# GRCA COE - Dates of changes in recommendations?



## Swampcollie (Sep 6, 2007)

It took some time to get people to start checking elbows, it didn't happen overnight. 

If you're looking a dogs born in the 90's it would be common to NOT see elbow clearances.


----------



## Tahnee GR (Aug 26, 2006)

My boy born in 1991 and his father both had elbow clearances, but they were done way after their hips were. Both were studs used on a regular basis, so we felt we needed to do elbows. I did not do my boy's sister, also born in 1991 however.


----------



## HiTideGoldens (Dec 29, 2009)

Thanks for the replies. So were the other 3 (hips, eyes and heart) always in there?


----------



## Sally's Mom (Sep 20, 2010)

I've been doing elbows since my first dog with clearances which was 1997. I think somewhere after 2000, people started to do more elbow clearances. But the 1st dog I bred my bitch(a 1999 model with all 4 clearances) to was a 1997 model and no elbow clearance. I would say for that time, that was not so unusual.


----------



## Pointgold (Jun 6, 2007)

The revision to include elbows was adopted May 2001.


----------



## HiTideGoldens (Dec 29, 2009)

Pointgold said:


> The revision to include elbows was adopted May 2001.
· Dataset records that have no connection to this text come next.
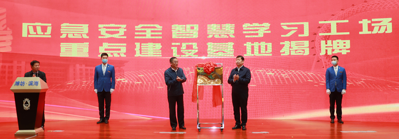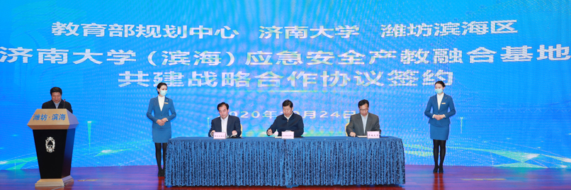 啟動儀式上,教育部學(xué)校規(guī)劃建設(shè)發(fā)展中心、濰坊市濱海經(jīng)濟(jì)開發(fā)區(qū)、濟(jì)南大學(xué)共同簽訂了濟(jì)南大學(xué)(濱海)應(yīng)急安全產(chǎn)教融合基地戰(zhàn)略合作協(xié)議。與會領(lǐng)導(dǎo)分別為“應(yīng)急安全智慧學(xué)習(xí)工場重點(diǎn)建設(shè)基地”、“山東省應(yīng)急安全產(chǎn)教融合平臺”、“濟(jì)南大學(xué)應(yīng)急管理學(xué)院”揭牌。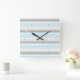 Einzigartiger Ozean Blau Beige Weißer Streifen Kun Quadratische Wanduhr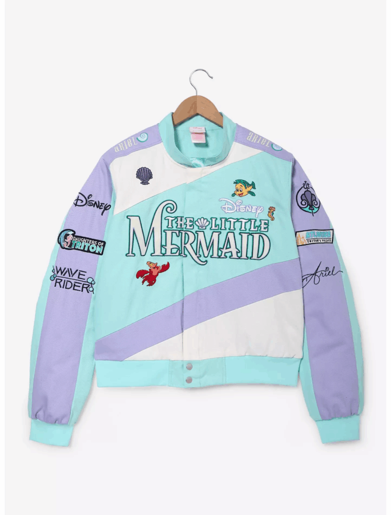 BoxLunch describes the jacket: “Embroidered with The Little Mermaid and Ariel details, this cropped racing jacket includes satin quilted interior and a zipper and snap closure.”
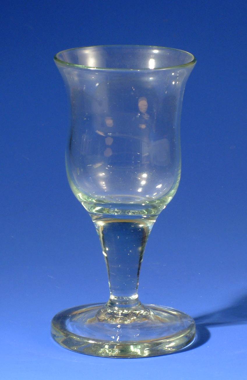 kelkglas met cilindervormige kelk, die geleidelijk overgaat in korte steel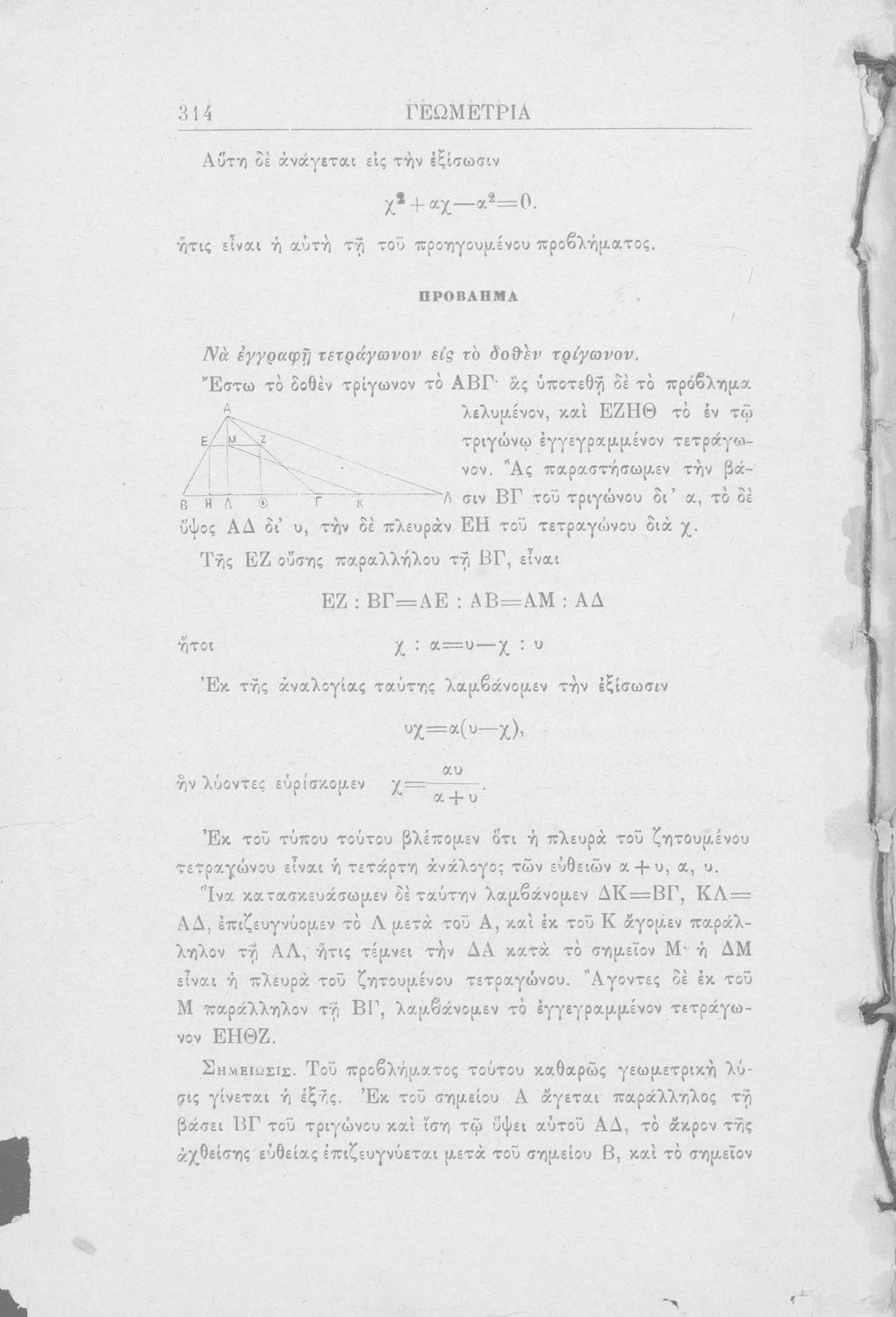 Σχολικό εγχειρίδιο Γεωμετρίας που είναι χωρισμένο σε αξιώματα, θεωρήματα και πορίσματα και εστιάζει στην Επίπεδη Γεωμετρία και τη Στερεομετρία.
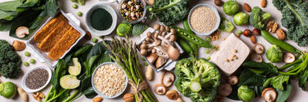 Vegan food panorama, overhead flat lay shot of various superfoods

Is that the only time it was revised regarding the specific type of clearances recommended? i.e. was there ever a time when an eye, heart and/or hip clearance wasn't recommended in the COE? I assume not based on the replies, but I just want to make sure.


----------



## hvgoldens4 (Nov 25, 2009)

Elbows were the last major revision to the COE and that was in 2001. The GRCA was talking about it back in 1999 though so many people were doing them before they actually became a part of the COE. Shortly before that time, there was also a change in the COE about the heart clearance being done by a cardiologist and not just a specialist. Before then, many clubs were using Board Certified Specialists in Cardiology but not cardiologists. But the hips, eyes and heart have been in there for quite some time now. I believe the original COE was just for hips and eyes.


----------